La Belgique révise le seuil financier pour les non‑Européens dans cette catégorie de visa

05. März 2026 um 13:15

À partir de l’année universitaire 2026‑2027, les étudiants non européens souhaitant étudier en Belgique devront désormais justifier d’un montant minimum plus élevé pour obtenir leur visa étudiant. La ministre de l’Asile et de la Migration, Anneleen Van Bossuyt, a annoncé cette mesure visant à garantir que les étudiants puissent subvenir à leurs besoins sans recourir à l’aide sociale. 

Jusqu’ici, les étudiants étrangers devaient prouver qu’ils disposaient d’environ 835 € par mois, soit 10 020 € pour une année complète. Ce montant a été révisé à 1 050 € par mois, ce qui, après indexation, représente 1 062 € par mois pour l’année 2026/2027. Sur 12 mois, cela équivaut à 12 744 €, soit près de 3 000 € de plus que l’année précédente. Ce montant est net et doit couvrir les dépenses courantes telles que le logement, la nourriture, la santé, les transports et autres frais essentiels liés à la vie étudiante en Belgique. Cette hausse vise à limiter les demandes abusives de visa et à s’assurer que les étudiants ne se tournent pas vers l’aide sociale après leur arrivée. Les universités belges soutiennent cette initiative.

En effet, l’Office des étrangers belge a rejeté plus de 2 600 demandes de visa étudiant l’année dernière, dont plus de 500 provenaient d’étudiants marocains.

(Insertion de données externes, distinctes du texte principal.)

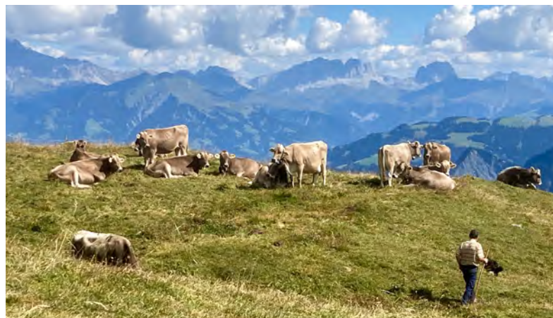
Wolfegg, Mittagspause mit Aussicht

Mutterkühe mit den jungen Kälbern, ein vielfarbiges Bild verschiedener Viehassen. Im oberen Teil geniesst das Galtvieh die feinen und kräftigen Alpenkräuter – «Ein Hut voll davon enthält Kraft für einen Tag», meint Peter. Dieses Jahr wäre noch Futter für weitere zwanzig Tiere vorhanden. Bezüglich der Biodiversität gehört das Neusäss zu den zehn bestplatzierten Alpen in Graubünden, das Altsäss nimmt sogar den Spitzenrang ein. Beim grünen Gras für die Milchkühe des Altsässes spielt die Eiweisszufuhr zur Milchproduktion die Hauptrolle. Durch ihre Höhenlage haben die Bündner Alpen einen besonderen Charakter. Beim Rückweg über die Weiden des Altsässes, richtet sich der Blick auf die höher gelegene Calanda Hütte SAC. Die Ziegen sind bereits selbständig im Neusäss angekommen und warten auf eine Handvoll Zuckerrübenschnitzel. Der weitere Kontrollgang erfolgt westwärts hin zur angrenzenden Felsberger Alp mit dem Quad. Die Gemeindegrenze zu Felsberg verläuft entlang des Haldensteiner Tales bis auf den Grat. Diese verschiedenen Geländekammern sind nicht einfach zu überblicken. Es ist eine Eigenheit der Tiere, dass sie sich auch auf der Alp in ihrer heimischen Gruppe aufhalten.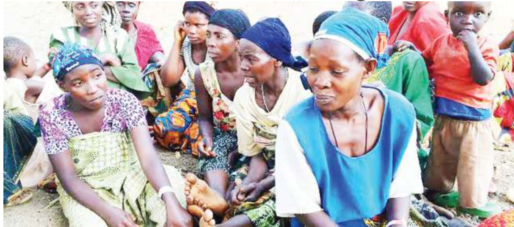
Wanawake wakiwa kwenye kambi ya wakimbizi mkoani Kigoma. Kinamama hawa wanahitaji ulinzi ili kuepushwa na vitendo vya udhalilishaji.

“Dawati limekuwa msaada kwa wanawake na watoto ambao hutitumia kuelezea adha na vitendo vya ukatili dhidi yao, pia wanaume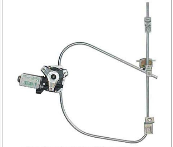
ORIGINAL POWER WINDOW RIGHT ALZACRISTALLI ELETTRICO ORIGINALE DX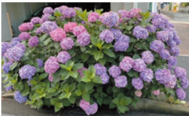
南吉野町5丁目の紫陽花がきれいに咲いてました。

今年出来るかと気を揉んでいましたが、神輿連合渡御は、今年も中止となりました。なお式典、出店、演芸提灯飾りの行事は、通常通りの予定です。詳細は、7月28日の全祭礼委員会後、吉野町の祭礼予定をお知らせいたします。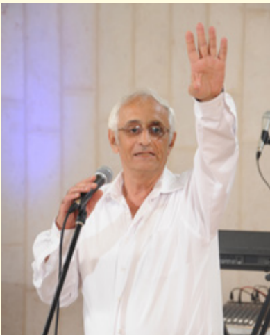
(מקור ראשון ו' תמוז תשע"ג)

תשאלו את הסבא-רבא שלכם, שכבר מת, ואת הנין שלכם שעוד לא נולד, ושניהם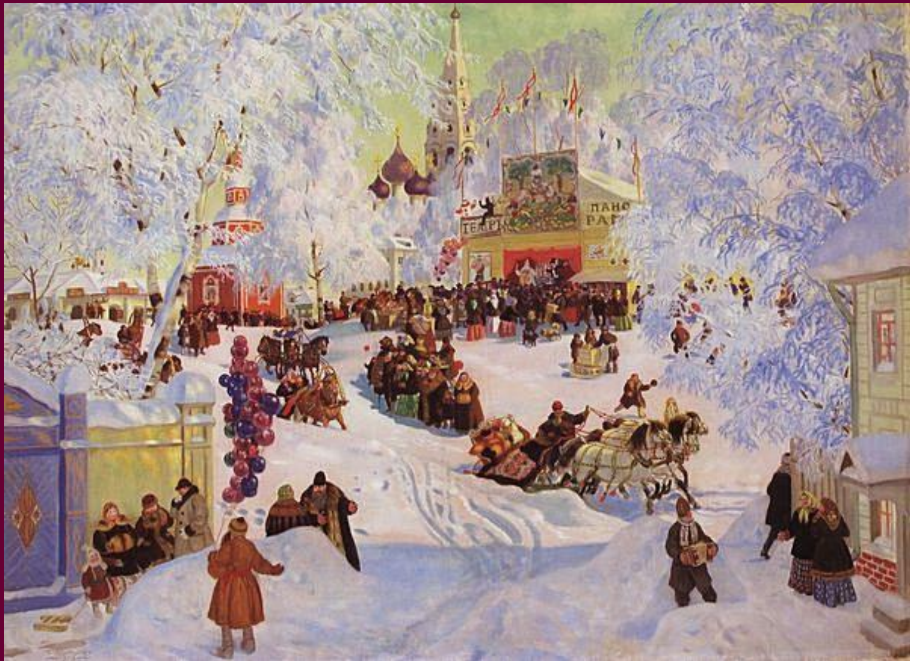
Борис Михайлович Кустодиев. Гулянья на Масленицу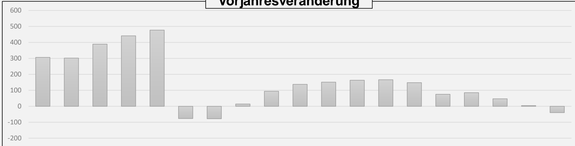
Arbeitslosigkeit in den Rechtskreisen SGB III und SGB II Cottbus, Stadt Oktober 2024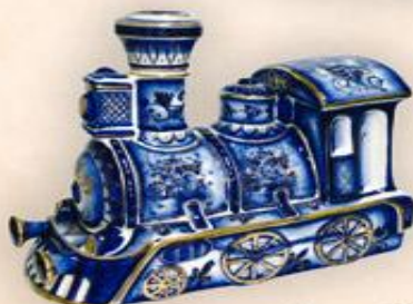
Штоф "Паровоз" (1,0 л.)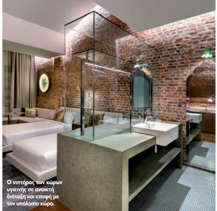
Ο νιπτήρας των χώρων υγιεινής σε ανοικτή διάταξη και επαφή με τον υπόλοιπο χώρο.

Το "boutique hotel" με την ονομασία "Loke They Kee Residences" βρίσκεται στην καρδιά της πόλης Γενάγκ, στην τοποθεσία Georgetown, η οποία αποτελεί ένα από τα πέντε μνημεία παγκόσμιας κληρονομιάς UNESCO της Μαλαισίας. Το ξενοδοχείο στεγάζεται σε τμήμα κτιρίου, που κατά το παρελθόν αποτελούνταν από ένα εστιατόριο και πέντε εμπορικά καταστήματα με ιστορία εκατό ετών, τα οποία τελούσαν υπό εγκατάλειψη τα τελευταία είκοσι χρόνια. Το κτίριο αποτελεί μέρος μιας ευρύτερης ζώνης, του Loke They Kee Heritage Village, η οποία βρίσκεται στη φάση της ανάπτυξης και της αστικής αναζωογόνησης.

Cette augmentation du seuil financier devrait réduire le nombre de demandes et sécuriser l’accès aux études pour ceux disposant des ressources nécessaires.

Le gouvernement belge avance plusieurs motifs pour justifier ces changements

  1. Garantir que les étudiants étrangers puissent vivre décemment en Belgique.

  2. Prévenir les détournements du visa étudiant comme voie d’immigration facile.

  3. Maintenir un équilibre entre attractivité académique et régulation des flux d’étudiants internationaux.

Les moyens de prouver sa capacité financière

Selon les conditions habituelles publiées par les services belges de l’immigration (Visa D-long séjour pour études), il existe plusieurs façons de démontrer que l’on dispose des ressources nécessaires, par exemple une bourse officielle couvrant l’intégralité ou une partie des besoins ou bien une preuve de fonds déposés sur un compte bloqué destiné à couvrir les dépenses de l’étudiant pendant toute l’année ou une attestation d’un garant solvable qui s’engage à financer l’étudiant…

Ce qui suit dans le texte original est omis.